Газета «Комсомольская правда», декабрь 1993 г.

Зрелище

Когда с дубовым веником под мышкой я подошел к Краснопресненским баням, там бегали люди в бронежилетах с рациями и автоматами в руках На вопрос, что случилось, свежепопарившийся гражданин со смехом ответил, что какой-то мужик не поделил с кем-то шайку и его застрелили. Наутро из газет я узнал, что застрелили знаменитого Отари Квантришвили. Бог судья покойному. Его убийце, полагаю, судьей будет тоже Бог. Но меня поразило иронически-равнодушное отношение к чужой смерти. Раньше такого не было! Разбомбили сербов – возмутилась, по-моему, только кучка чудаков, прибежавшая с плакатами к американскому посольству, да Б. Ельцин, которого забыли поставить в известность. А если б не забыли? Студенты, которые хотят учиться, а не заниматься мелким бизнесом или рэкетом, демонстрируют возле Дома правительства и требуют своих нищенских стипендий. Ну и что? Да ничего: вчера шахтеры касками стучали, сегодня студенты глотки дерут, завтра еще кто-нибудь притащится за социальной справедливостью. Взглянул прохожий – и мимо. И власть тоже – мимо.
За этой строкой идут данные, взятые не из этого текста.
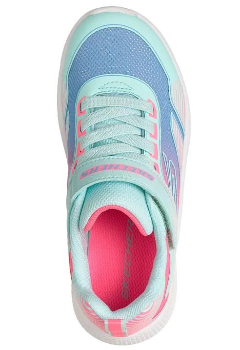 Calzado deportivo de Skechers para niña Microspec Advance Oasis Point en color azul turquesa y rosa.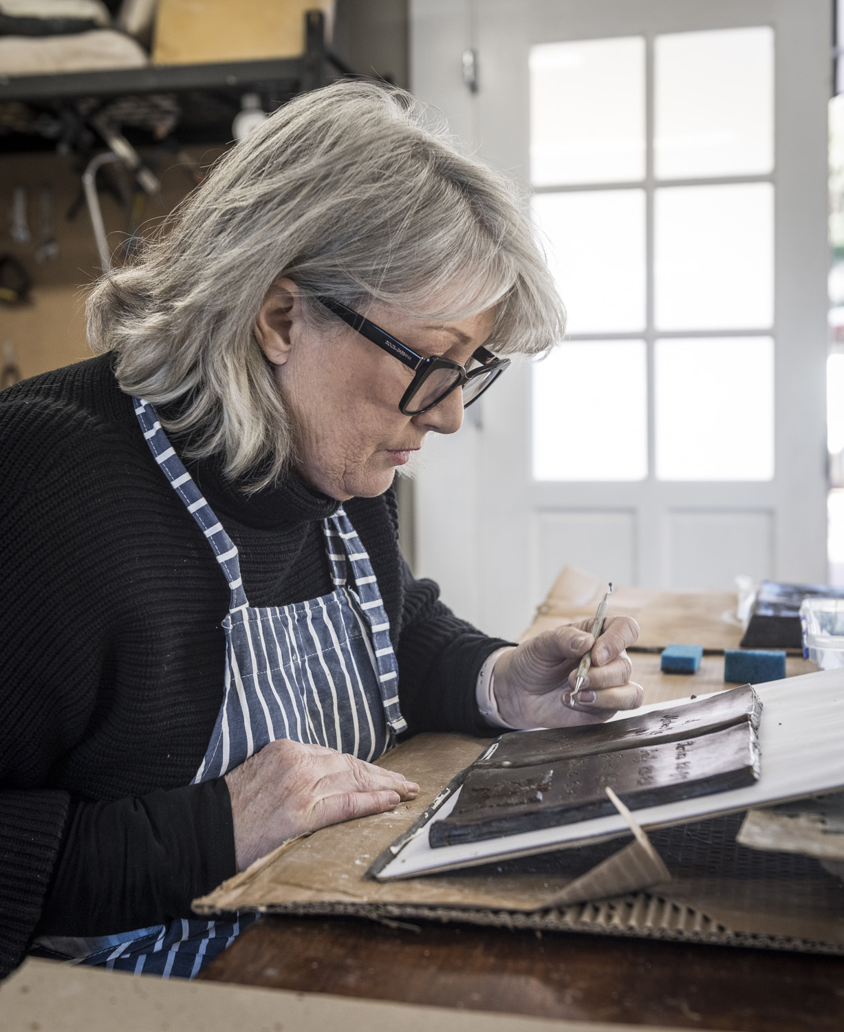 “I am really focused when I’m in the studio,” she admits. “I literally fall into a trance. I have to set an alarm because otherwise I forget to pick up the kids from school.”

«Каждый народ имеет такое правительство, которое заслуживает» – эта фраза стала уже банальностью. Среди государственных мужей поругивать человеческий материал, выпавший на их долю, стало навязчивой традицией. Ну а если перевернуть формулу – каждое правительство имеет такой народ, который заслуживает? И в самом деле, давайте порассуждаем о том, какое влияние моральный облик властей предержащих (да простится мне сей старорежимный оборот!) оказывает на общественную мораль, а следовательно, и на всю жизнь общества.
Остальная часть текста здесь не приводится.